Oil and gas stocks rally; HPCL up 6%, BPCL surges over 3%; should you buy or sell?
3 min read 07 Jun 2023, 03:22 PM ISTOil and gas stocks rallied as OMCs and gas producers gained, with HPCL emerging as the top gainer. The sharp upside in oil stocks followed Kotak Institutional Equities' positive remarks on OMCs' recent GRMs.

Oil and gas stocks rallied on Wednesday with strong buying in oil marketing companies (OMCs) such as HPCL, BPCL, and Indian Oil Corporation (IOC). Gas producers like Gujarat Gas, Indraprastha Gas, and GAIL India. Heavyweight Reliance Industries (RIL) also picked up by nearly a percent. The sharp upside in oil stocks comes after brokerage Kotak Institutional Equities said OMCs' recent GRMs have been too good to believe.
It also needs to be noted that oil stocks are on a winning streak despite decline in crude oil futures today owing to low demand.
At the time of writing, BSE Oil & Gas traded at 18,077.81, up by 235.34 points or 1.32%. Meanwhile, Nifty Oil & Gas traded at 7,472.80 up by 1.09%.
On the index, HPCL emerged as the top gainer, surging by 5.5% to ₹276.60 apiece on BSE. BPCL rallied by 3.34% to ₹368 apiece, Indian Oil at ₹90.99 apiece up by 1.84%.
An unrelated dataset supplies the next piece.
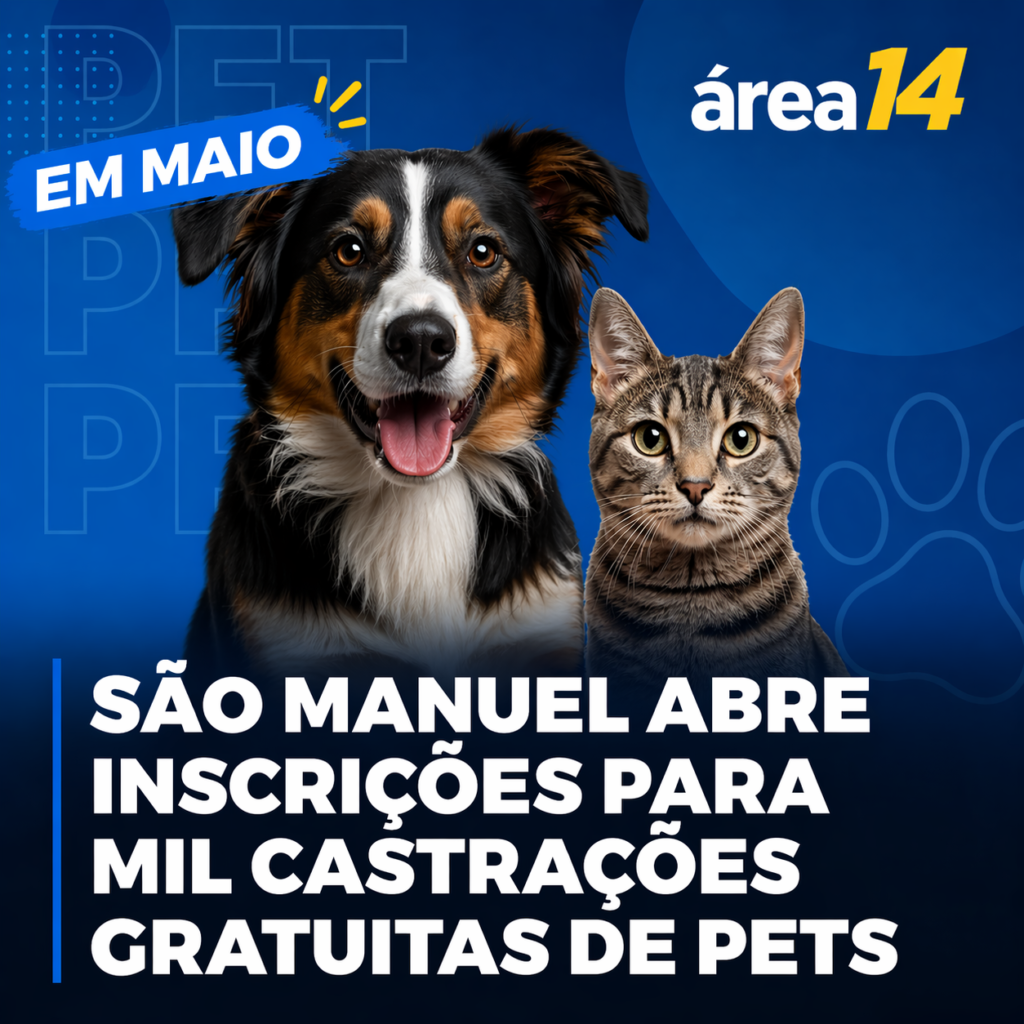 A Prefeitura de São Manuel realizará um mutirão de castração gratuita para mil cães e gatos entre os dias 8 e 10 de maio. Para participar, os moradores devem obrigatoriamente cadastrar seus animais no sistema federal SinPatinhas e, em seguida, realizar o agendamento no site oficial do evento.

IGL's share price gained by 1.3% to ₹468.50 apiece, while Gujarat Gas jumped by 1.12% to ₹484.35 apiece. Heavyweight RIL climbed 0.8% to ₹2,499, while GAIL is up by 0.5% to ₹105.20 apiece. Adani Total Gas also advanced marginally to ₹680.70 apiece.
However, ONGC was also gradually up to ₹153.85. Also, Petronet LNG was broadly flat to ₹223.55 apiece.
In their research note, Kotal Institutional Equities on Wednesday said, "Indian oil marketing companies (OMCs) reported GRMs in recent quarters have perplexed us. Among the OMCs, surprise has been more from BPCL and IOCL. HPCL’s refining performance has been relatively muted yet strong, likely as both its Mumbai and Vizag refineries have had expansion/upgradation going on for the past few years."
During the fiscal year FY23, Indian Oil posted a GRM of $19.5 per barrel, while BPCL recorded a GRM of $20.2 per barrel --- which is nearly 2 times of SG complex margin of $10.8 per barrel.
Compared to earlier significant discounts to SG complex benchmark, the brokerage's note added, "OMCs have been reporting rising premiums in recent years."
Notably, in the past two years, as per Kotak's report, part of the superior performance versus the Singapore complex margins can be justified by much stronger middle-distillate cracks (Indian refiners have a higher share) and weaker cracks for products such as FO (higher share in SG complex).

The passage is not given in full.